Background

Eventual consistency is a consistency model used in many large distributed databases which requires that all changes to a replicated piece of data eventually reach all affected replicas; conflict resolution is not handled and responsibility is pushed up to the application author in the event of conflicting updates [13].

Eventual consistency is a specific form of weak consistency; the storage system guarantees that if no new updates are made to the object, eventually all accesses will return the last updated value [14]. If no failures occur, the maximum size of the inconsistency window can be determined based on factors such as communication delays, the load on the system, and the number of replicas involved in the replication scheme [3].

A few examples of eventually consistent systems:

  • DNS
  • Asynchronous master/slave replication on an RDBMS e.g. MariaDB
  • memcached in front of MariaDB, caching reads

Eventual consistency states that in an updatable replicated database, eventually all copies of each data item converge to the same value. The origin of eventual consistency can be traced back to Thomas’ majority consensus algorithm [12]. The term was coined by Terry et al. [11] and later popularized by Amazon in their Dynamo system, which supported only eventual consistency [7].

The CAP theorem, also called Brewer’s theorem by its author Dr. Erik A. Brewer, was introduced at PODC 2000 [4, 5]. The theorem was formally shown by Gilbert and Lynch [8]. Brewer introduced consistency, availability and partition tolerance as three desired properties of any shared-data system and made the conjuncture that maximally two of them can be guaranteed at one time [6].

In general, this theorem perfectly matches the needs of today’s Internet systems. Ideally we expect a service to be available during the whole time period of network connection by which the service is connected to the network/Internet [1]. Thus if a network connection is available the service should be available as well [9,10]. To achieve good performance, requests need to be processed by a distributed system. If the number of servers are increased the probability of server failure or network failure is also increased. A system therefore needs to take this into account and be designed in such a way that these failures are transparent for the client and the impact of such failure is minimized [2]. The abbreviation of the theorem comes from these three properties:

  • Consistency: This property requires that each operation executed within a distributed system where data is spread among many servers ends with the same result as if executed on one server with all data.
  • Availability: This property of a distributed system requires that sending a request to any functional node should be enough for a requester to get the response. By complying with this property a system is tolerant to failure of any nodes caused, for instance, by network throughput issues.
  • Partition Tolerance: A distributed system consists of many servers interconnected by a network. A frequent requirement is distributing the system across more data centers to eliminate the failure of one of them. During network communication, failures are frequent. Hence, a system needs to be fail-proof against an arbitrary number of failed messages among servers. Temporary communication interruption among a server set must not cause the whole system to respond incorrectly [9].

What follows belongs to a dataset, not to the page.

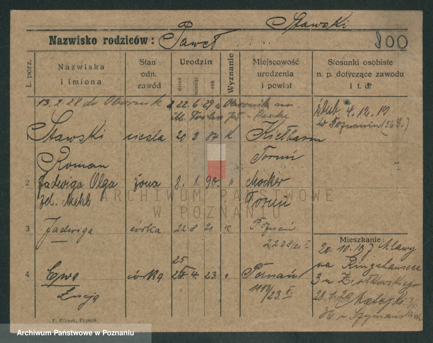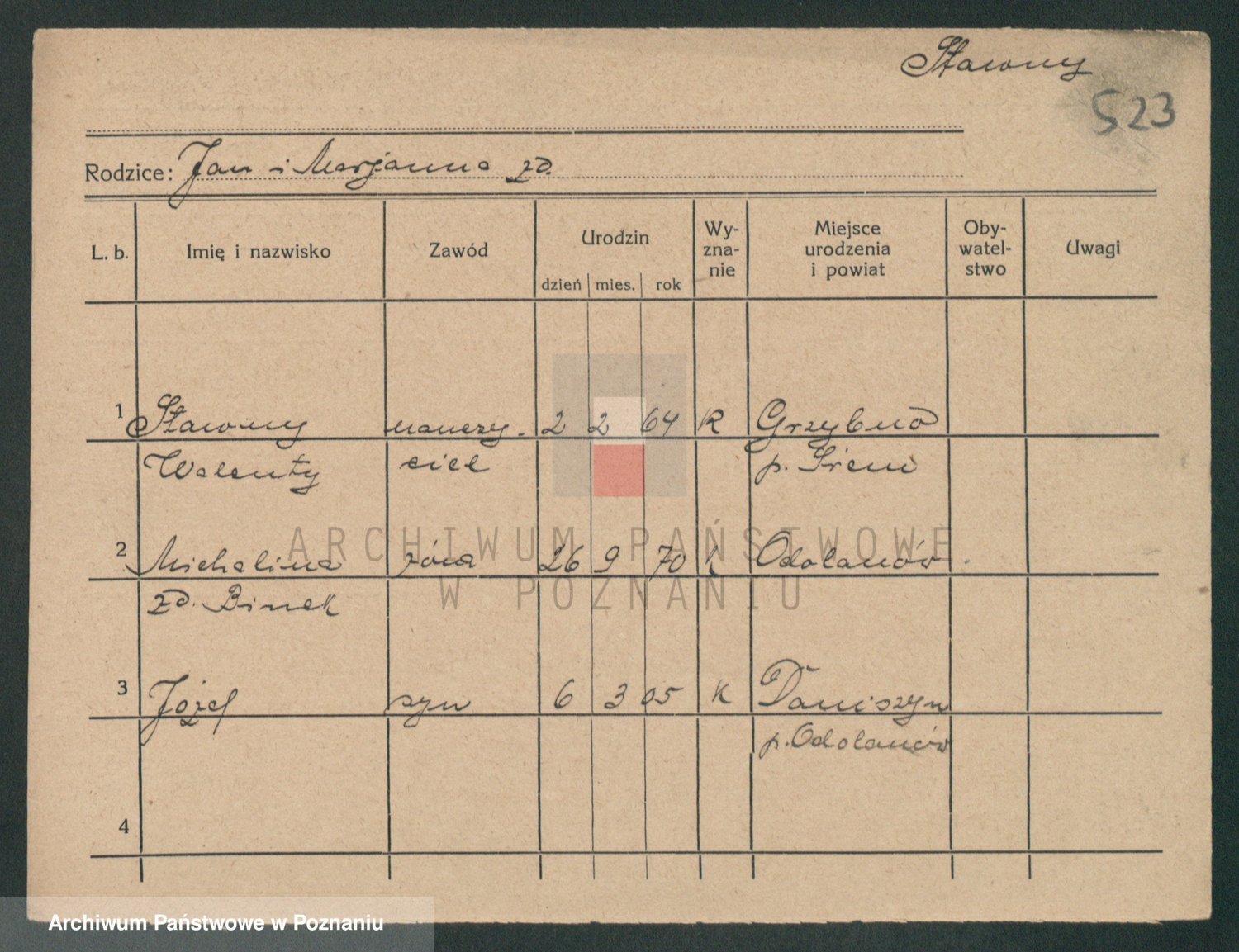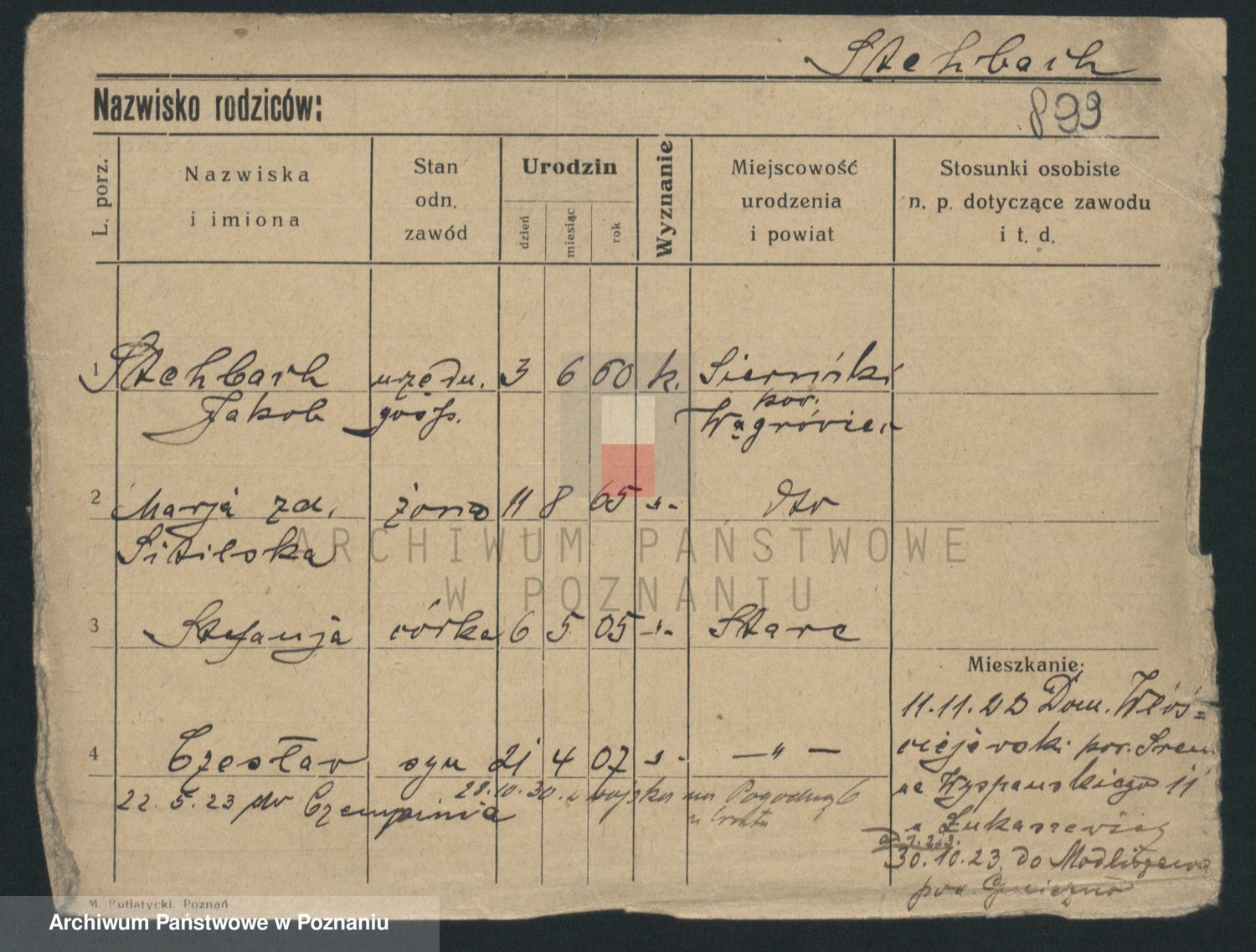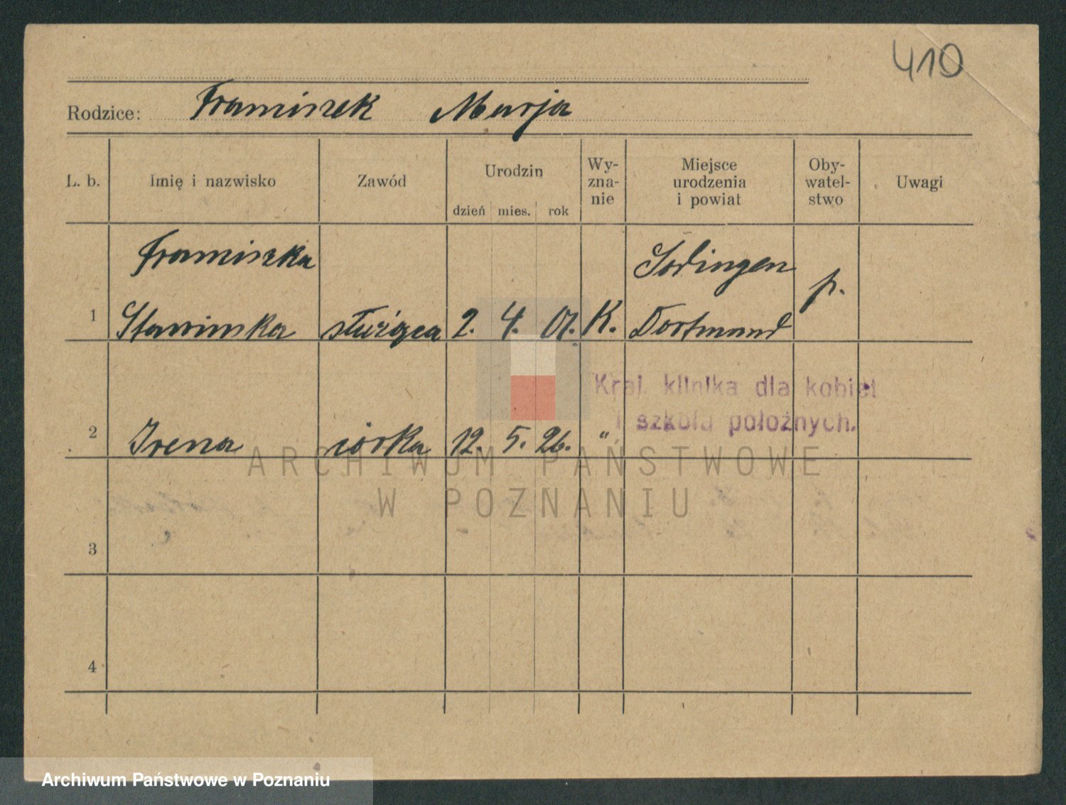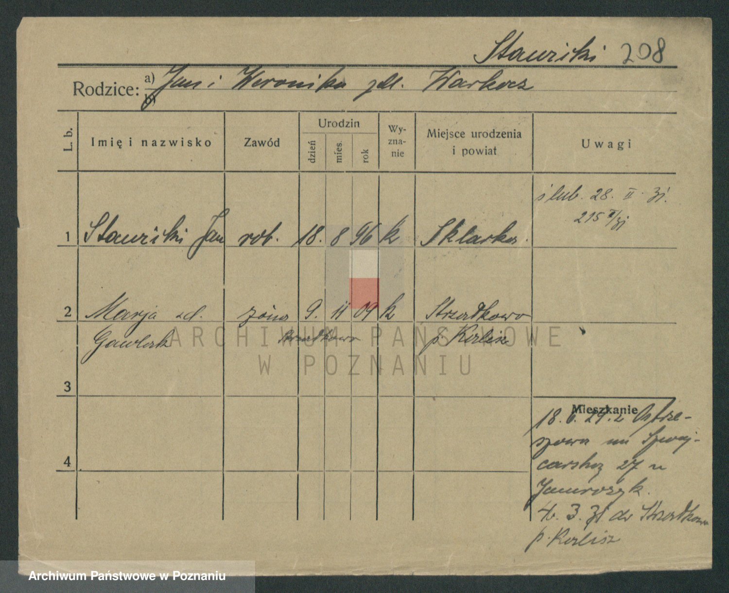 Podgląd karty osobowej dostępny jest po kliknięciu na nazwisko lub ikonkę karty. Można dokonywać powiększenia (ikony na górze) lub przechodzić między kolejnymi skanami (strzałki po bokach).

Eventual consistency is defined as follows:

Definition 1: Eventual consistency.

  • Eventual delivery: An update executed at one node eventually executes at all nodes.
  • Termination: All update executions terminate.
  • Convergence: Nodes that have executed the same updates eventually reach an equivalent state (and stay).

Example 1: Consider a case where data item R=0  is stored on all three nodes. Assume that we have the following sequence of writes and commits: W(R=3) C W(R=5) C W(R=7) C  on node0. Now reads from node1 could return R=3  and reads from node2 could return R=5 . This is eventually consistent as long as reads from all nodes eventually return the same value. Note that this final value could be R=3. Eventual consistency does not restrict the order in which the writes must be executed.

MariaDB Demonstration

As already stated, normal master slave setup on MariaDB is eventually consistent. In this article we are interested in a situation where we have a multiple masters setup. We will use MariaDB 10.0. There are several possible topologies that could be considered here but we have selected a ring topology (see Figure 1).

Diagram1

Figure 1: MariaDB ring topology.

In this topology Node0 is master and Node1 is slave for Node0. Similarly, Node2 is slave for Node1. Let’s start configuration of the nodes with Node0:

Similarly Node1:

And finally Node3:

After this is done we can install the MariaDB databases and start the servers.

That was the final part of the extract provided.